保険会社は追加認定し、220万円が支払われました。
なぜこのようなことになるのでしょうか?
保険会社は原則申請された箇所しか査定しません。他にも損害があるなら契約者は自ら探して申告しなければならないのです。

損害調査の必要性

以上のように契約者が単独で申請する場合は、保険事故であることを拒否される場合もあります。
また請求箇所は一つの場合が多く、保険会社はわざわざ申告のない複数箇所の損害を査定してくれることは滅多にありません。
ここに損害調査の必要性があります。
今まで、保険会社が自ら損害を指摘してくれるケースは希といっていいでしょう。

※経年劣化でも普通に保険申請する同業者もいることは確かです。ここは一歩間違えると不正請求につながりますので注意が必要です。
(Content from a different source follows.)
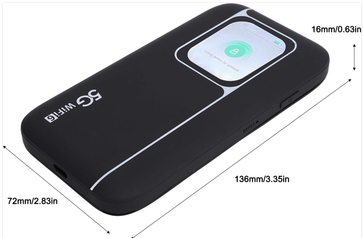
Image: The mobile hotspot device shown with its length (136mm/3.35in), width (72mm/2.83in), and thickness (16mm/0.63in) clearly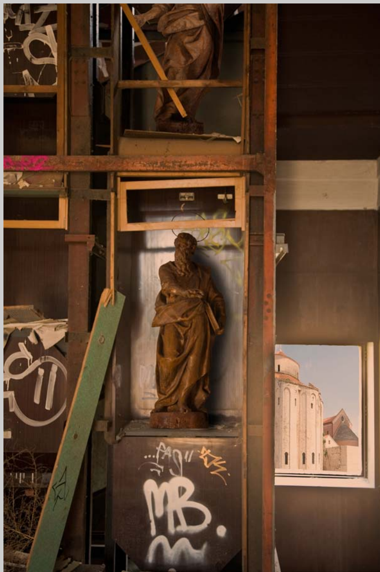
Frater Noster im Pater Noster

以上、現在の火災保険申請の現場で、普通によく起こっていることを解説しました。我々は保険会社を敵にしているわけではありません。損害調査は単なる知識ではなく、現場における損害を見抜く眼が必要であると強く思います。また損害を査定する日本損害保険協会の登録鑑定人が、保険会社の不払いに加担することなく、真に第三者の視点で損害査定されることを望みます。